Many many thanks 🙏 Joe, that makes my flow a lot simpler. 

Thanks 
Jens

> Den 13. okt. 2021 kl. 16.50 skrev Joe Witt <[email protected]>:
> 
> Jens
> 
> If you use MergContent [1] you can create streams of flowfile bundles
> (attributes/content serialized together) in groups of 1 or more.  Then
> on the other end you can use UnpackContent [2]
> 
> Thanks
> Joe
> 
> [1] 
> http://nifi.apache.org/docs/nifi-docs/components/org.apache.nifi/nifi-standard-nar/1.14.0/org.apache.nifi.processors.standard.MergeContent/index.html
> [2] 
> http://nifi.apache.org/docs/nifi-docs/components/org.apache.nifi/nifi-standard-nar/1.14.0/org.apache.nifi.processors.standard.UnpackContent/index.html
> 
>> On Tue, Oct 12, 2021 at 11:07 PM Jens M. Kofoed <[email protected]> 
>> wrote:
>> 
>> Dear Joe
>> 
>> Regarding you point 5. This is almost also what I'm doing. But last night
>> at my phone I "just wrote" we created a hash file. What I'm actually doing
>> is converting the flowfile to json.
>> Are there a way where NIFI can export the complete flowfile (attributes and
>> content) into 1 file, which we can import again on the other side? Right
>> now I do it in 2 steps
>> Below is a short description of my flow for transferring data between
>> systems where we can't use S2S.
>> At low side:
>> get data ->
>>  CryptographicHashContent ->
>>    UpdateAttribute: original.filename = ${filename},
>> rootHash=${content_SHA-256} ->
>>      UpdateAttribute: filename=${UUID()} ->
>>        PutSFTP ->
>>          AttributesToJSON: Destination=flowfile-content ->
>>            UpdateAttribute: filename=${filename:append('.flowfile')} ->
>>              PutSFTP
>> 
>> At high side:
>> ListSFTP: File filter Regex = .*\.flowfile ->
>>  FetchSFTP ->
>>    ExecuteScript: (converting json data into attributes) ->
>>      UpdateAttribute: filename = ${filename:substringBefore('.flowfile')}
>> ->
>>        FetchSFTP ->
>>          CryptographicHashContent ->
>>            RouteOnAttribute: Hash_OK =
>> ${rootHash:equals(${content_SHA-256})} ->
>>              Hash_OK -> following production flow
>>              Unmatched -> Error flow
>> 
>> Kind regards
>> Jens
>> 
>>> Den tir. 12. okt. 2021 kl. 21.36 skrev Joe Witt <[email protected]>:
>>> 
>>> Jens
>>> 
>>> For such a setup the very specific details matter and here there are a
>>> lot of details.  It isn't easy to sort through this for me so I'll
>>> keep it high level based on my experience in very similar
>>> situations/setups:
>>> 
>>> 1. I'd generally trust SFTP to be awesome and damn near failure proof
>>> in itself.  I'd focus on other things.

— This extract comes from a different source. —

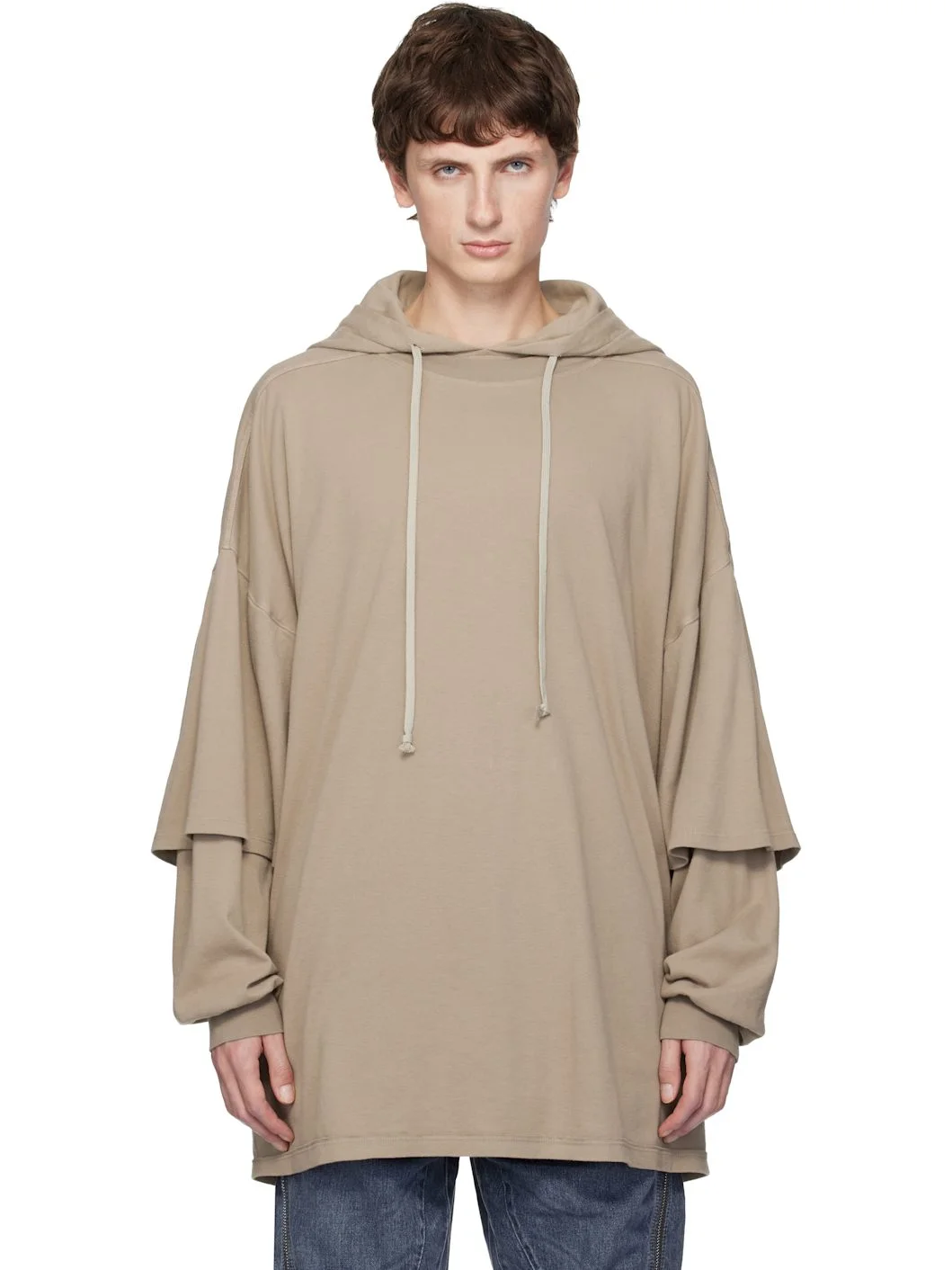 Brushed organic cotton jersey hoodie. · GOTS-certified organic cotton · Garment-dyed · Integrated short-sleeve T-shirt overlay · Drawstring at hood · Dropped saddle shoulders · Rib-knit cuffs · Central seam at back Supplier color: Dirty pearl 100% cotton. Made in Italy 252126M202013

>>> 2. I'd generally trust that data packet corruption in terms of network
>>> transfer is bulletproof and not think that is a problem especially
>>> since SFTP and various protocols employed here offer certain
>>> guarantees themselves (including nifi).
>>> 3. I'd be suspect of one way transfer/guard devices creating issues.

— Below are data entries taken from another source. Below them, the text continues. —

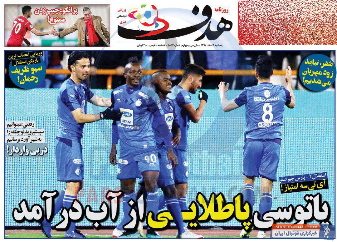 عناوین روزنامه هدف ورزشی پنجشنبه ۲ اسفند ماه به شرح زیر است :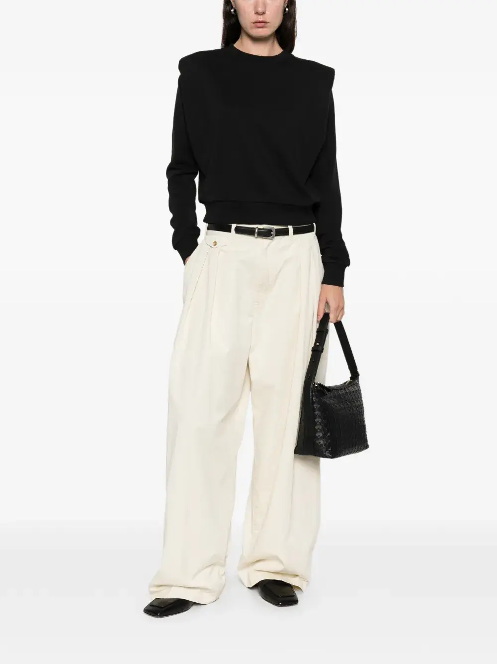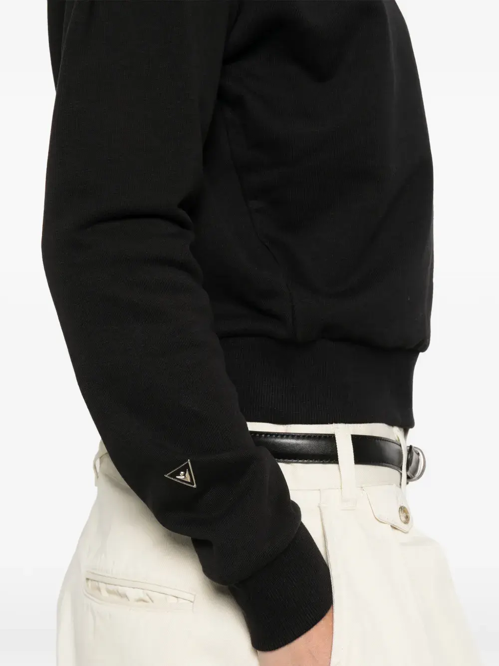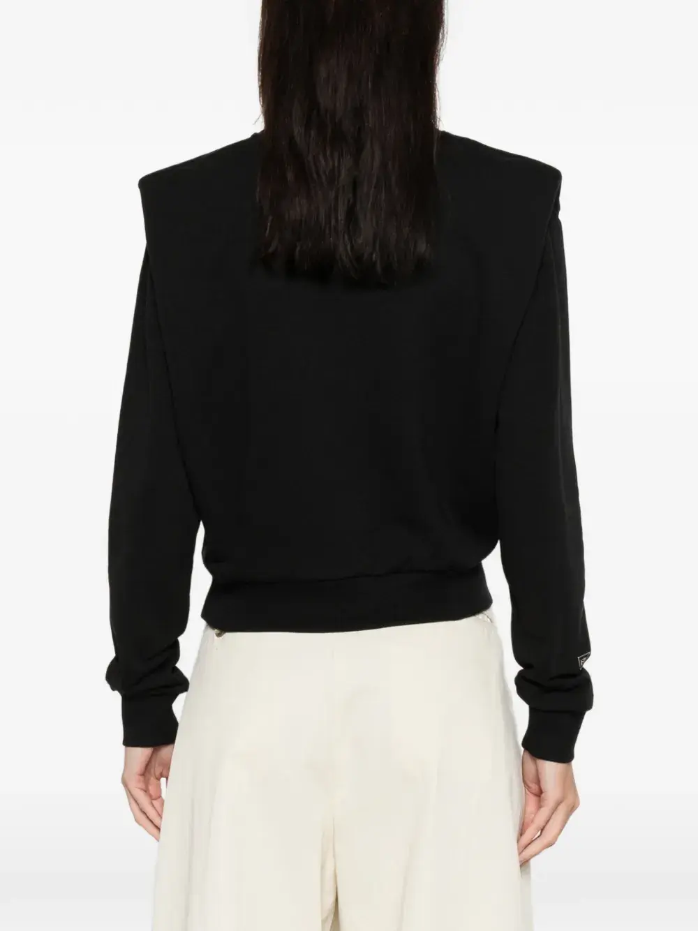 Черная хлопковая кофта с подплечниками, длинными рукавами, логотипом, круглым вырезом и трикотажными манжетами
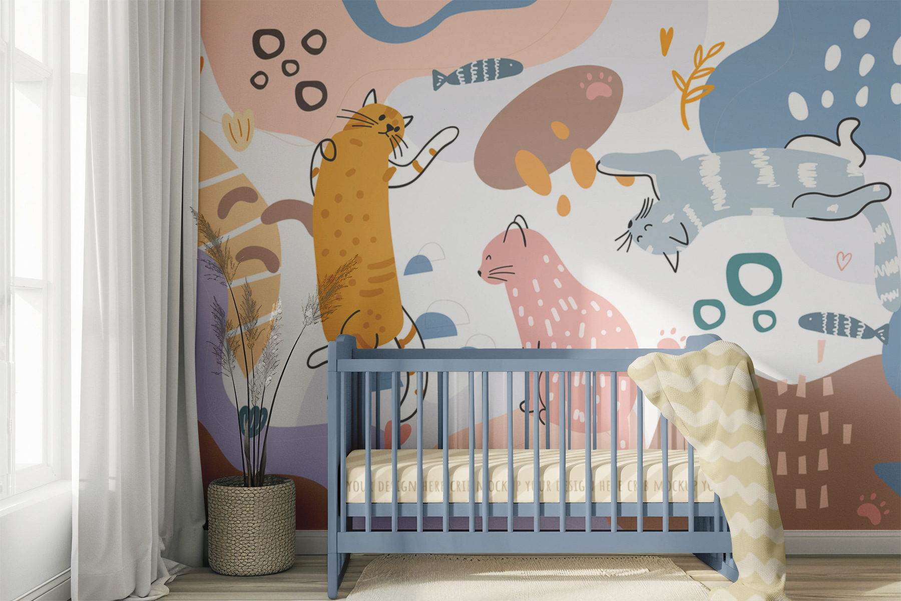 Premeňte akýkoľvek priestor pomocou tejto veselej nástennej maľby so živou skupinou mačiek na farebnom pozadí. Predstavte si lenivé popoludnie, keď tieto rozkošné chlpaté guľôčky okamžite vyčarujú úsmev každému, kto ide okolo. Hravý dizajn dodáva šmrnc rozmarnosti a je ideálny do útulného zákutia alebo aj do svetlej obývačky. Mačky ležia, preťahujú sa a možno plánujú ďalšiu prestávku na občerstvenie – kto by sa pri tom nezasmial? Vďaka rozkošnej vyváženosti farieb vytvára hrejivú, príjemnú atmosféru. Je to ako mať na stene mäkké mačacie objatie!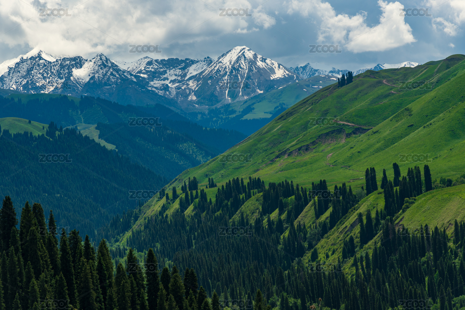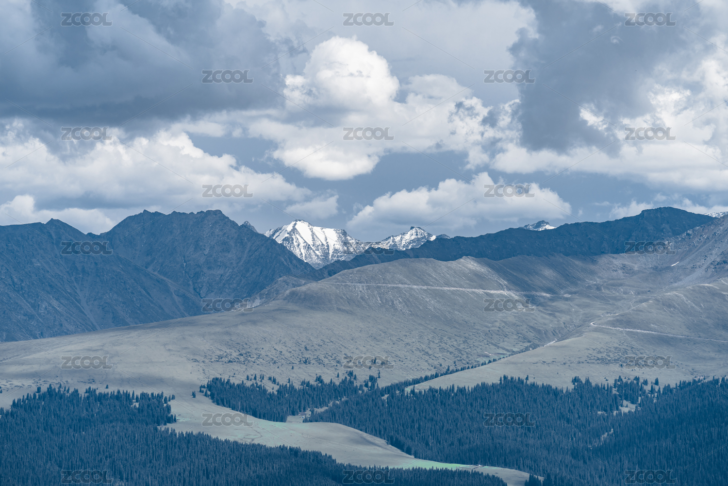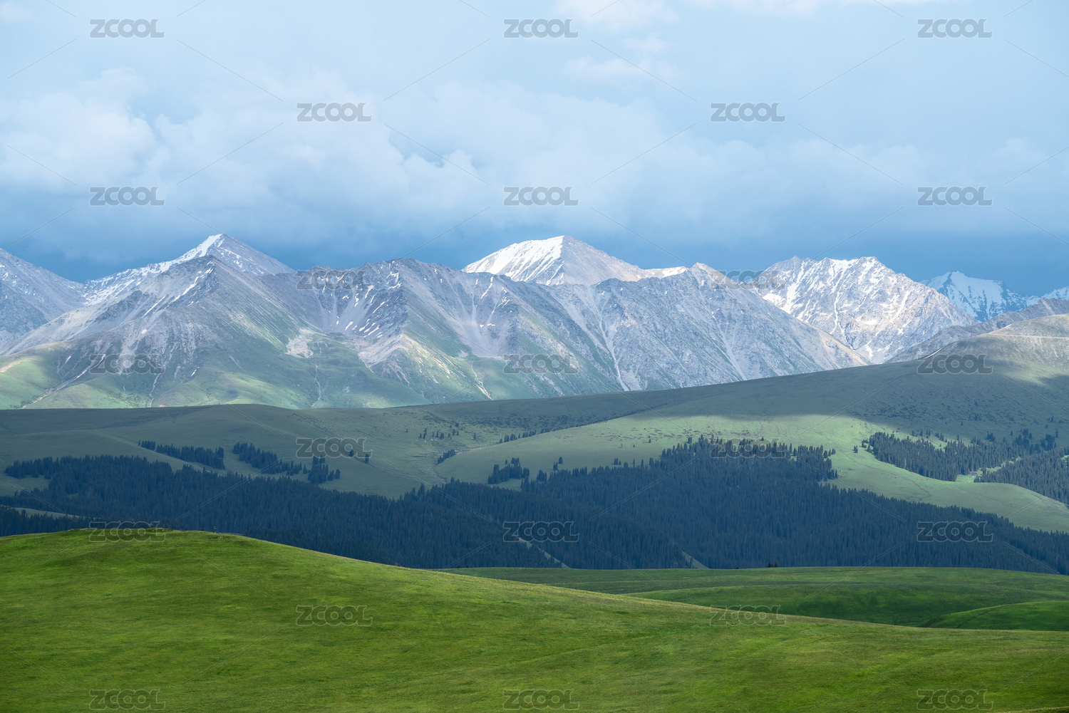 晴天下的中国新疆伊犁独库公路雪山草原风景

>>> I'd remove that and try to reproduce the problem.
>>> 4. In linux a cp/mv is not atomic as I understand if data is spanning
>>> across file systems so you could have partially written data scenarios
>>> here potentially.
>>> 5. I'd be careful to avoid multiple file scenarios such as original
>>> content and the sha256.  Instead if the low side is a NiFi and the
>>> high side is a NiFi I'd have lowside nifi write out flowfiles and pass
>>> those over the guard device.  Why?  Because this gives you your
>>> original content AND the flowfile attributes (where I'd have the
>>> sha256).  On the high side nifi i'd unpack that flow file and ensure
>>> the content matches the stated sha256.
>>> 
>>> Joe
>>> 
>>> On Tue, Oct 12, 2021 at 12:25 PM Jens M. Kofoed <[email protected]>
>>> wrote:
>>>> 
>>>> Hi Joe
>>>> 
>>>> I know what you are thinking but that’s not the case.

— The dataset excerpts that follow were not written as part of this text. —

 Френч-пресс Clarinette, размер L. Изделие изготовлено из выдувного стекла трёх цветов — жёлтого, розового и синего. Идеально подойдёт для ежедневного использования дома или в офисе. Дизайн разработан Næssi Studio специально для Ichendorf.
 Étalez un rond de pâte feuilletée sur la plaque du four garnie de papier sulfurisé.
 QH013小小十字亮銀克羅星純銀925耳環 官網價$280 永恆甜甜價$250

>>>> Check my very short description of my test flow.
>>>> In my loop the PutSFTP process is using default settings which means
>>> it’s uploading files as .filename and rename it when done. The next process
>>> is the FetchSFTP which will load the file as filename. If PutSFTP is not
>>> finished uploading the file it will have the wrong filename and the flow
>>> file will not go from the PutSFTP -> FetchSFTP and therefore the FetchSFTP
>>> can’t fetch the file. So in my test flow it is not the case.
>>>> 
>>>> In our production flow, after nifi gets its data it calculates the
>>> sha256.  uploads the data to a sftp server as .filename and rename it when
>>> done. Default settings for PutSFTP. Next it create a new file with the
>>> value of the hash and save it as filename.sha256.
>>>> At that sftp server a bash script is looking for NOT hidden files every
>>> 2 seconds with a ls command. If there are files the bash script does a cp
>>> filename /archive/filename and sends the data to server 3 via a data diode.
>>> At the other side another nifi server reads the filename.sha256, reads in
>>> the hash value and reads in the original data. Calculate a new sha256 and
>>> compare the two hashes.
>>>> Yesterday there was a corruption again and we checked the file at the
>>> first sftp server where the first nifi saved it after creating the first
>>> hash. Running a sha256sum at the /archive/filename produced a different
>>> hash than nifi. So after the PutSFTP and a Linux cp command the file was
>>> corrupted.
>>>> It have been less than 1 file pr. 1.000.000 files where we have seen
>>> theses issues. But we see them.
>>>> Now we try to investigate that course the issue. Therefore I created the
>>> small test flow and already after nearly 9000 iteration in the loop the
>>> file has been corrupted just being uploaded and downloaded again.
>>>> 
>>>> Are we facing a network issue where a data packed is corrupted?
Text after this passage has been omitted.